Rep. Scott Perry, Pennsylvania Republican, introduced two bills aimed at closing what he calls a glaring legal loophole that leaves surrogate-born children vulnerable to predators and foreign exploitation across most of the U.S.
The Protecting Kids from Creeps Act and the Preventing International Surrogacy Exploitation Act, Mr. Perry says, focus on the problem that most states, including Pennsylvania, have no laws prohibiting sex offenders from obtaining children through surrogacy.
There also is no agreement among states, meaning even in the few states that bar it, offenders can simply cross state lines.
The Protecting Kids from Creeps Act (HR 9131) would require surrogacy agencies to conduct criminal background checks and impose significant penalties — up to 10 years for negligence and 20 years for willful violations — along with loss of federal funding for non-compliant agencies.
The impetus for the legislation stemmed from a Pennsylvania case when a Tier 1 registered sex offender, a former teacher arrested in 2016 for soliciting a 16-year-old student with over 12,000 explicit text messages, obtained a baby through surrogacy with his husband.
The agency performed no background check, and the offender did not disclose his sex offender status. The couple later posted a GoFundMe without disclosing his criminal history.
“What this legislation does, the Protecting Kids from Creeps act, it compels surrogate agencies to increase screening standards and protect children from these pedophiles and these predators,” Mr. Perry said.
“It imposes civil and criminal penalties on the agencies themselves and the people that operate them as well as the pedophile who has tried to obtain a child through surrogacy.”

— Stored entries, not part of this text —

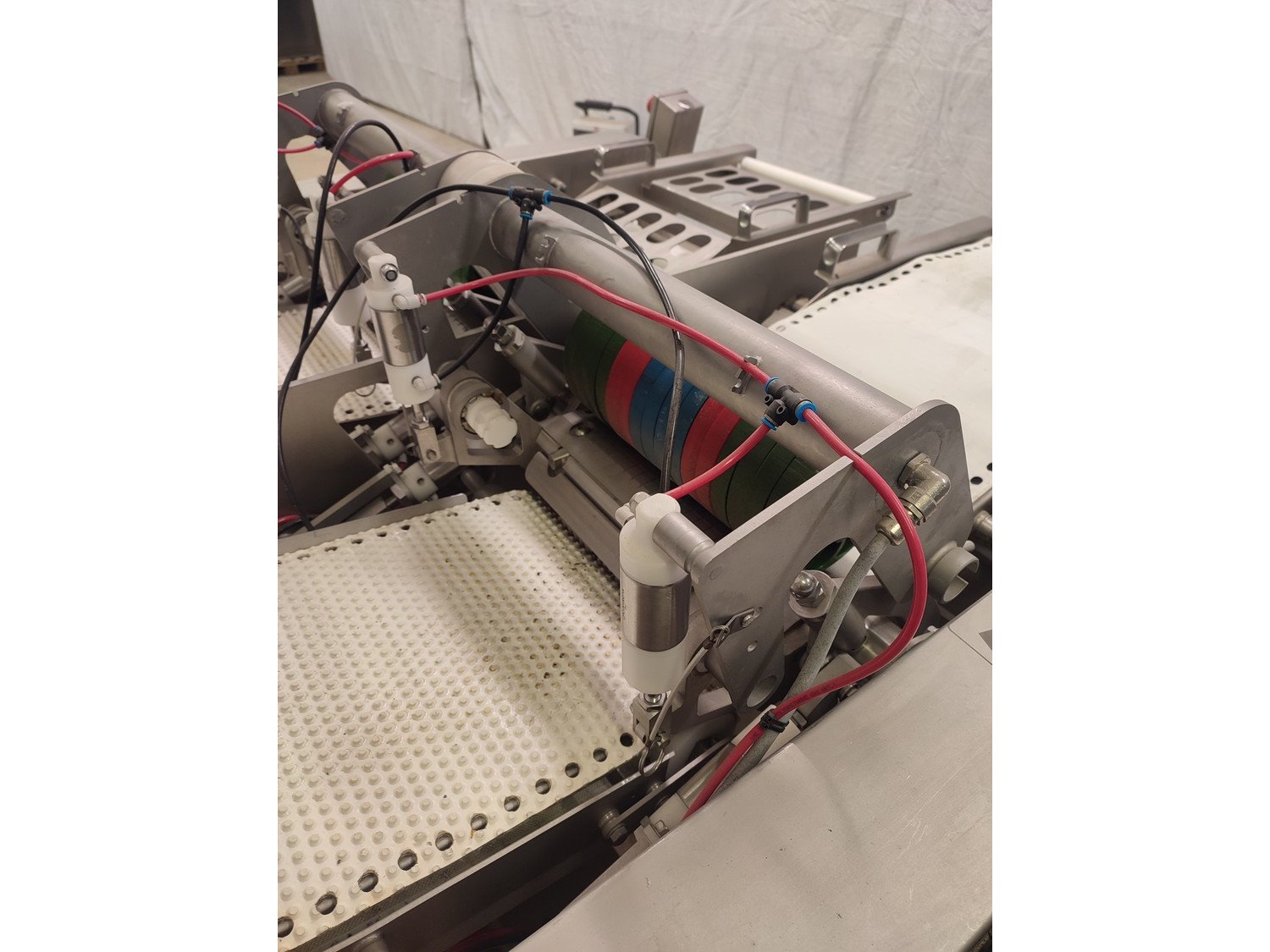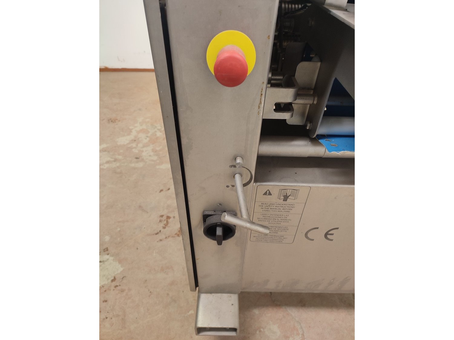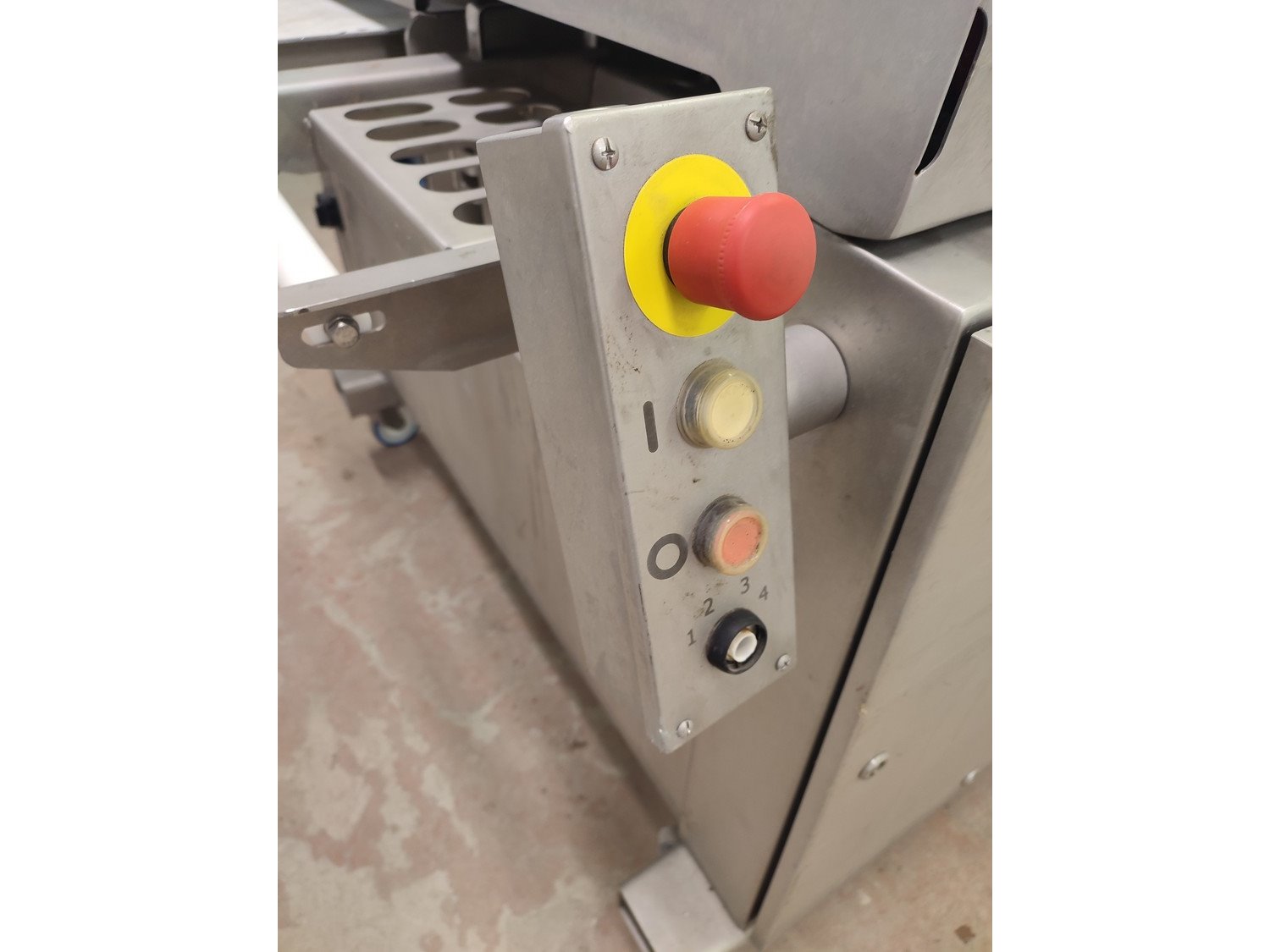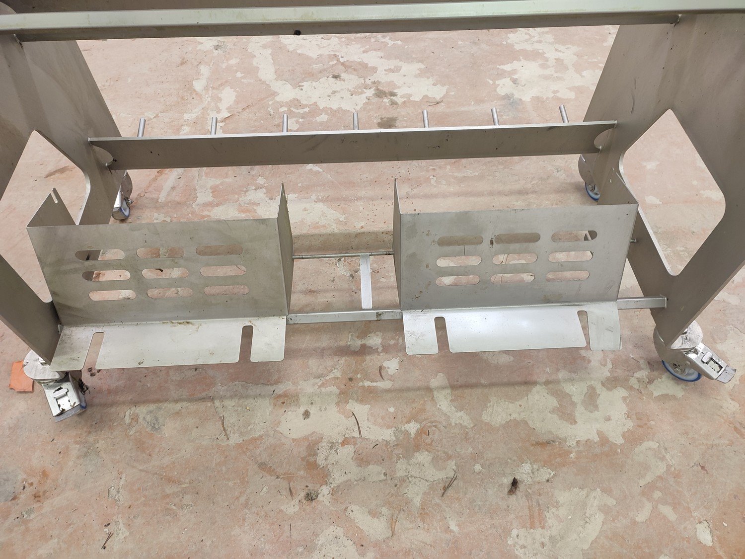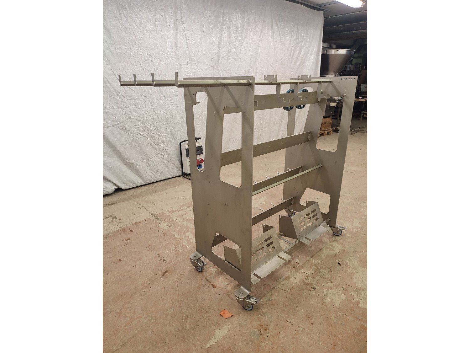 Marel mobile double skinning machine for fish, model: MS1710, type: 9830844AA, machine number: 10392514, year of construction: 2016, 400 V, 3 Ph, 50 Hz, 5 A, plastic belt, belt width: 355 mm, working width: (2x) 365 mm, skinning machine dimensions: 1430 mm x 1740 mm x 1260 mm. Including s/s trolley, dimensions: 1700 mm x 600 mm x 1420 mm. Missing belt.
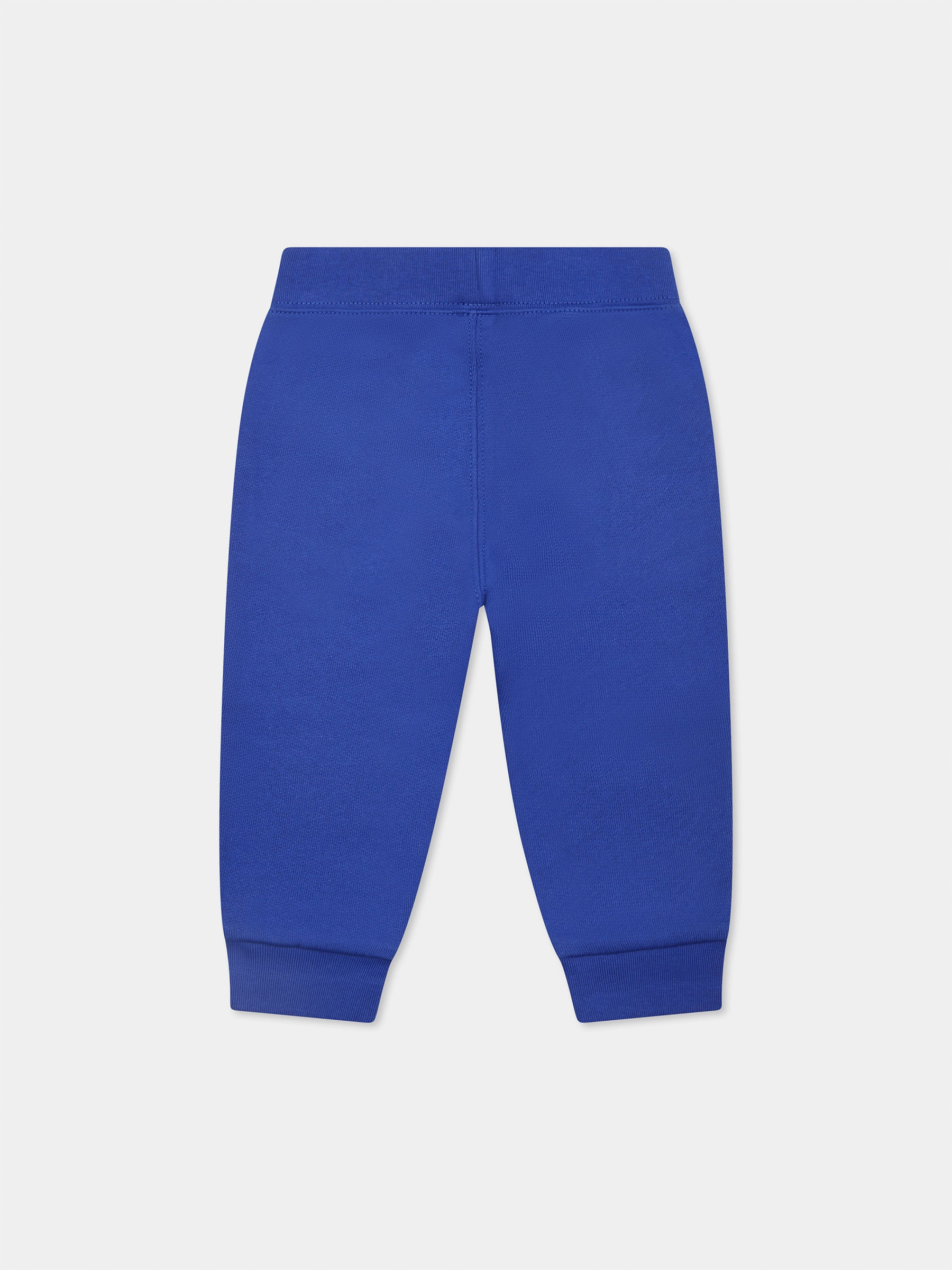 Colore: Blu Descrizione: Pantaloni blu in cotone felpato, con elastico in vita, tasche laterali e caviglie a costine. Sono decorati con iconico cavallino verde ricamato sulla parte anteriore. Dettagli: 84% Cotone, 16% Poliestere. Lavare a 30°C.
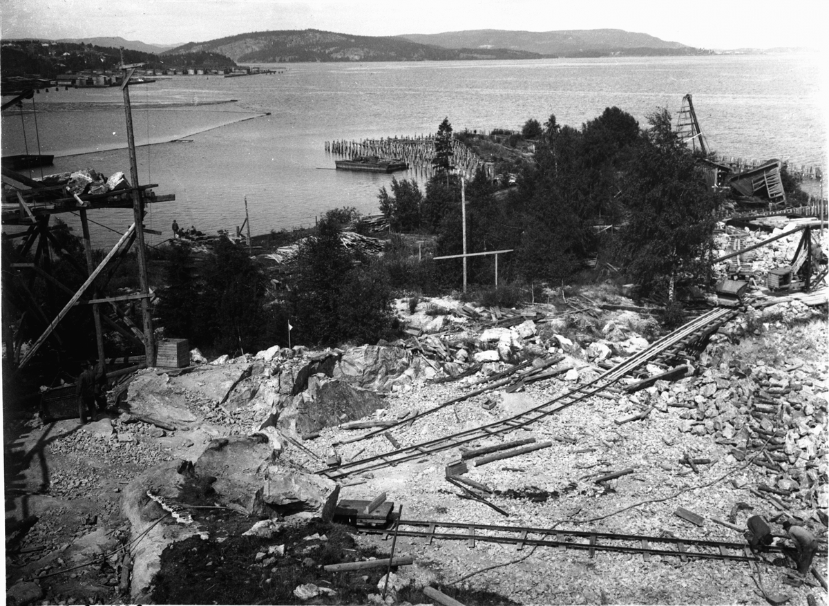 Titel: Byggherre: Byggnadsaktiebolaget Contractor, Stockholm. Sulfatfabrik i Dynäs i Ådalen för Sandvikens Cellulosa AB. Entreprenaden innefattade fabriksbyggnader, pir och massamagasin. Arbetsbild.
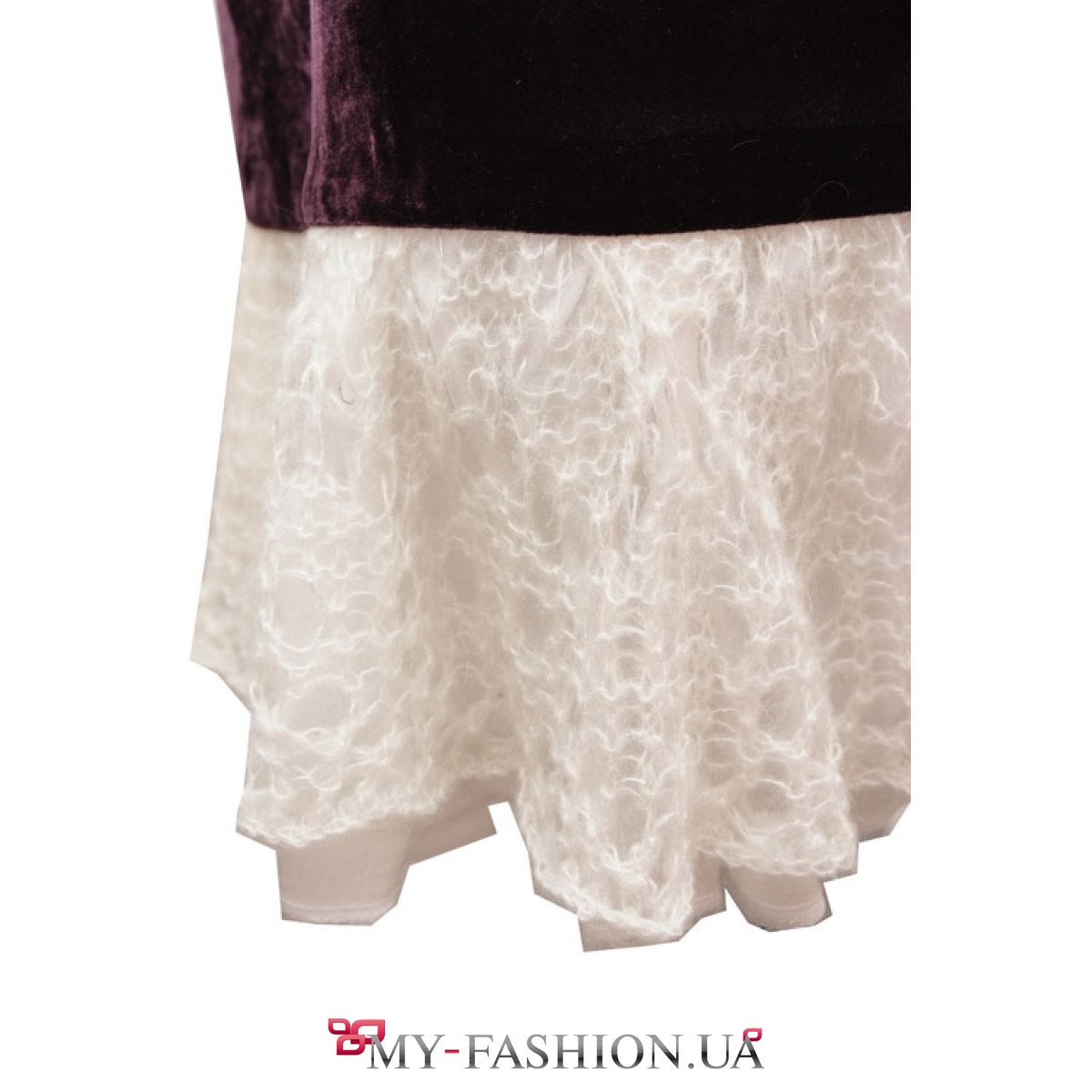 Модное платье прямого силуэта с короткими рукавами и застежкой- завязка. В наличии этого роскошного изделия не имеется, но мы можем выполнить его в индивидуальном порядке с предоплатой. Платье из натурального бархата чернильного цвета с декорировано белым кружевом и широкой оборкой по низу изделия. Основа платья натуральный бархат, отделка платья шелковое кружево.

Mr. Perry also introduced the Preventing International Surrogacy Exploitation Act (HR 9132), which addresses what Mr. Perry called “birth tourism,” primarily involving wealthy foreign nationals — particularly from China — using U.S. surrogacy agencies to obtain citizenship through American-citizen children.
The bill would ban international commercial surrogacy while exempting couples where at least one partner is a U.S. citizen or legal permanent resident.
“What provoked this legislation? We have learned through many testimonies that surrogacy process is being exploited by wealthy foreigners who then get the benefit of an American citizen that can later provide dual citizenship for the foreign parent,” Mr. Perry said.
“But it’s worse than that. There’s a Chinese billionaire who had 20 children through a U.S.-based surrogacy in the last couple years.”
One man, who calls himself “China’s first father,” reportedly has over 100 U.S.-born children, he added.
Another executive allegedly used American egg donors to conceive girls he intended to marry off to powerful men. A California agency owner described filling an order for yet another client seeking 100 children, who had the babies raised entirely by nannies without ever meeting them.
Both pieces of legislation had about 12 co-sponsors after each was initially introduced on Thursday. Mr. Perry expects to garner more, as his bill circulates around the Republican conference.
Mr. Perry introduced this bill around the same time the Supreme Court is about to decide on President Trump’s birthright citizenship case, but said his reason for the legislation has nothing to do with the court case.
Mr. Trump previously told The Washington Times he expects the high court to rule against his executive order, which restricts children born here to both migrants and temporary legal visitors, would be “a disaster economically for our country.”
“You’ll have 25% of the people coming into our country coming in through birthright citizenship, and we won’t have any control. This decision by the Supreme Court is a very big one. They’ll probably rule against me because they seem to like doing that,” the president said.
The president said that the amendment, crafted and ratified after the Civil War, was “about the babies of slaves” and never envisioned “Chinese billionaires” coming to the U.S. to give birth.
He said the U.S. is “a laughingstock” for its generous policy.